TOUCHED BY LYME: Quilting about life in the Lyme lane

 

 

 

 

 

Nani is asking people to send digital photos of themselves living their lives with Lyme. For some people, the photos might show all your medications lined up in a row. Or getting hooked up to an IV.

“Anything they deem Lyme-related,” Nani says. “They can be as creative as they want. I want to see what they are going through and what their daily life is like.”

How about showing the odometer of your car, depicting how many miles you drive to your Lyme doctor? Or the screen of your computer, open to your on-line Lyme support group? Your stack of Lyme Times? A package of gluten-free crackers? Maybe that pile of laundry that’s accumulating because you just don’t feel up to dealing with it.

Nani began a crash course in Lyme when her dad apparently became infected two years ago on a fishing trip to Mammoth Lake, California. Even though he told his doctor that he’d received several insect bites, Nani says, “his doctor dismissed his concerns and didn’t even test him for Lyme.”

Her dad’s condition deteriorated rapidly and he was soon diagnosed with ALS. Eventually he received a Lyme diagnosis, and showed improvement on IV Rocephin. Until his insurance company put a stop to that.

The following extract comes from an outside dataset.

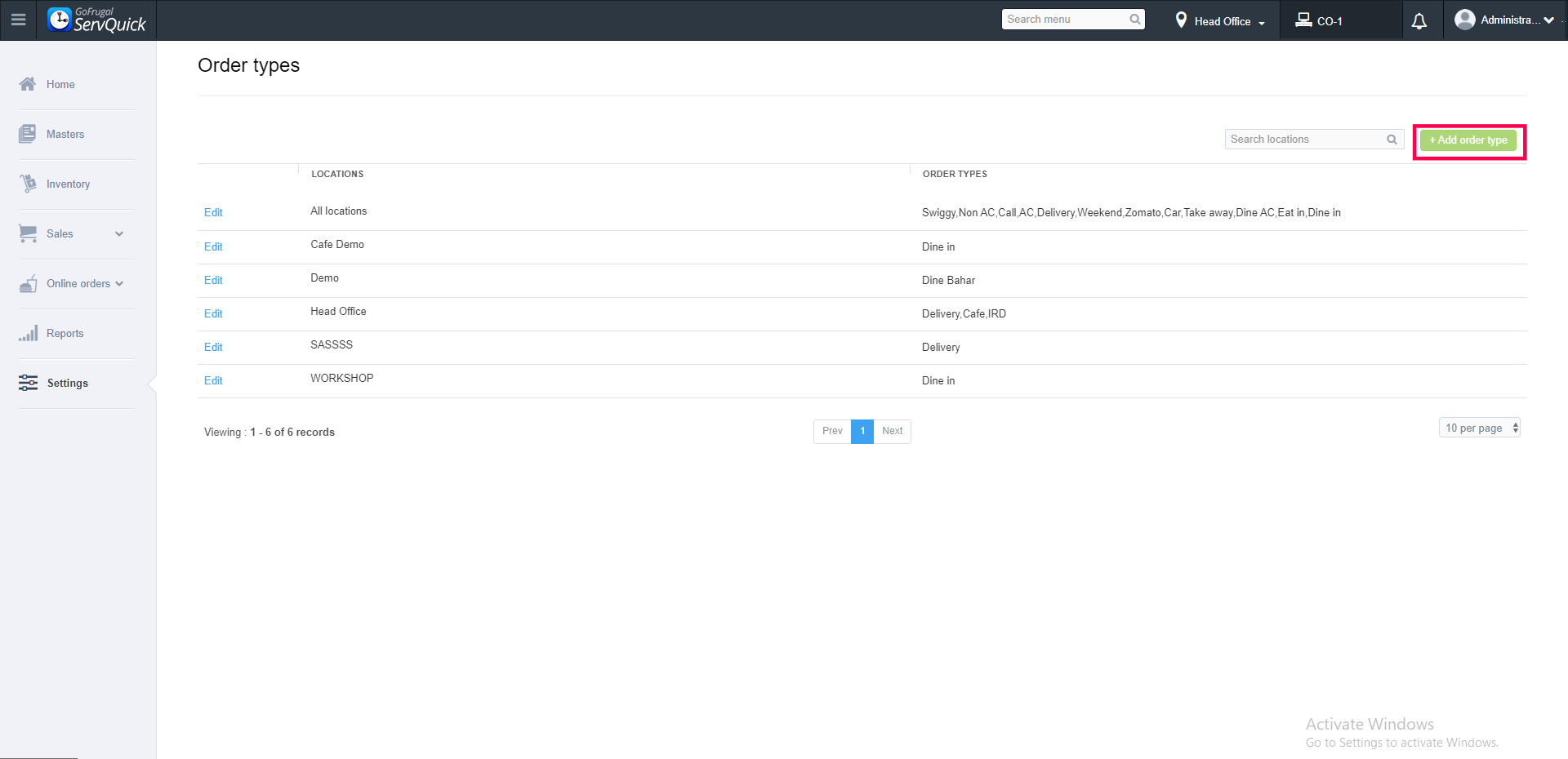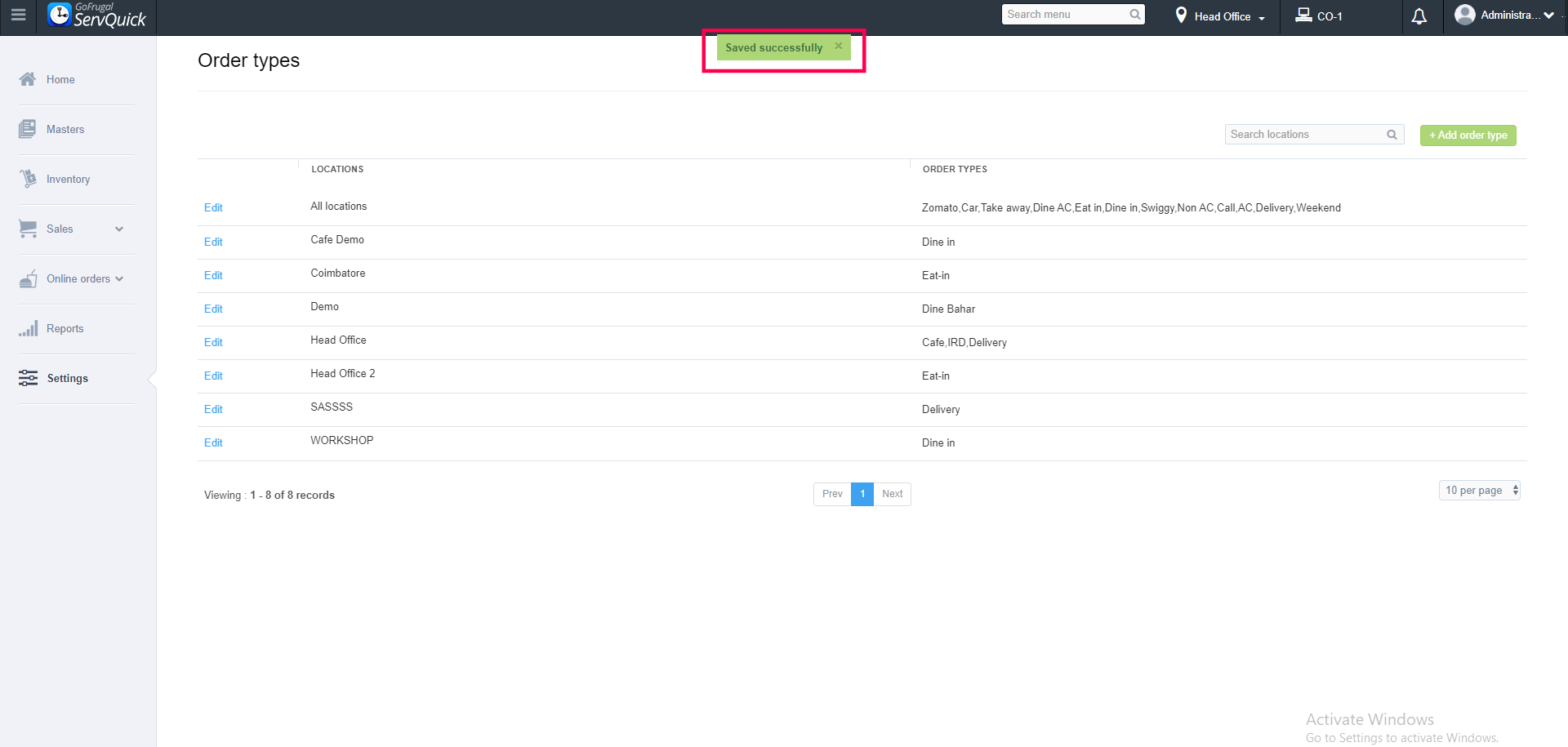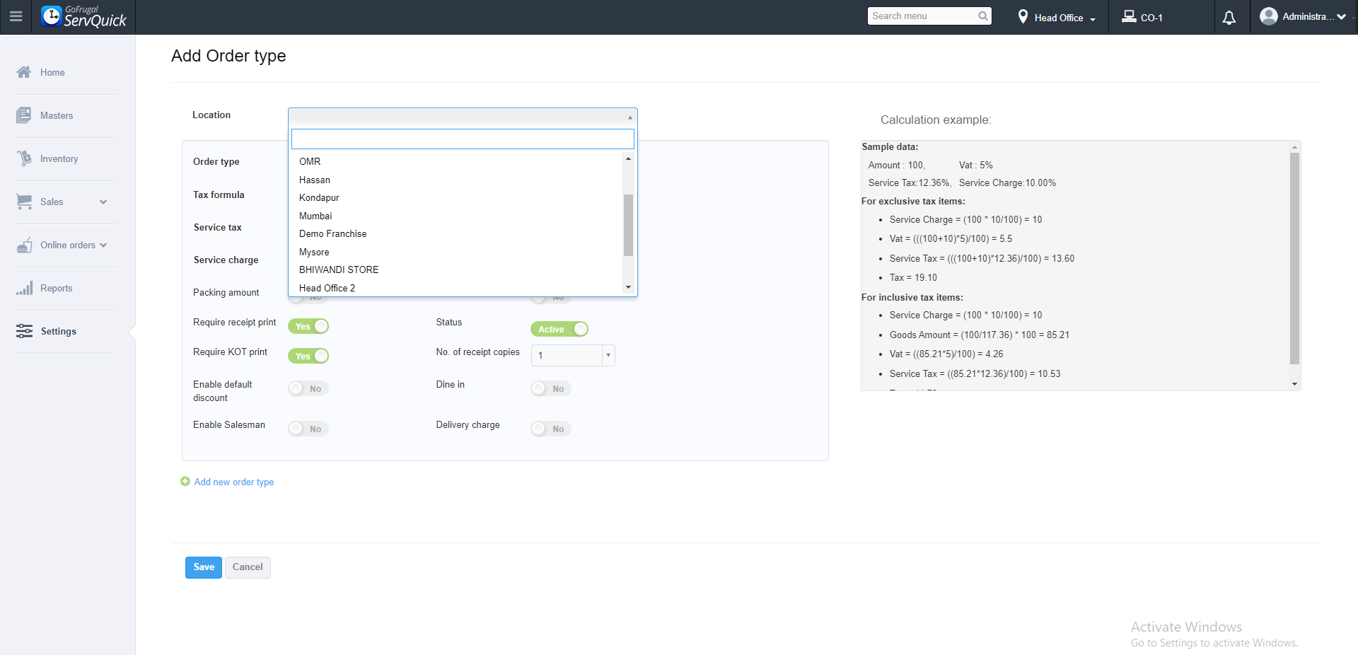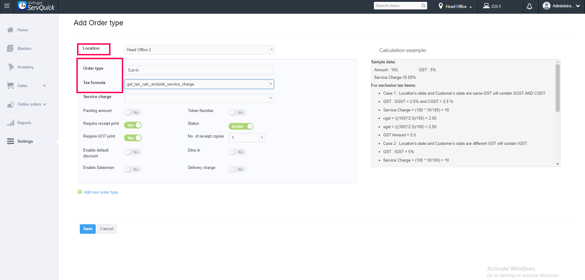 Enter the Name of the Order Type. It can be, eat-in, dine-in, takeaway, etc.

“The suffering that a Lyme patient goes through is incredibly painful and consuming,” Nani notes. “I see how my dad struggles to rise from a chair and walk just a few feet.  He can no longer work, help around the house or care for his beloved dog, Bo….He had a stair lift installed, so he can make it upstairs to his room safely.  He winces in pain with each step he takes.  He spends hundreds & thousands of dollars on supplements, medications & treatments intended to improve his health.” 

Her dad’s struggle inspired the mother of two toddlers to do her own research about Lyme. She joined yahoo groups and “was blown away at the number of people who had the same sad story as my dad.”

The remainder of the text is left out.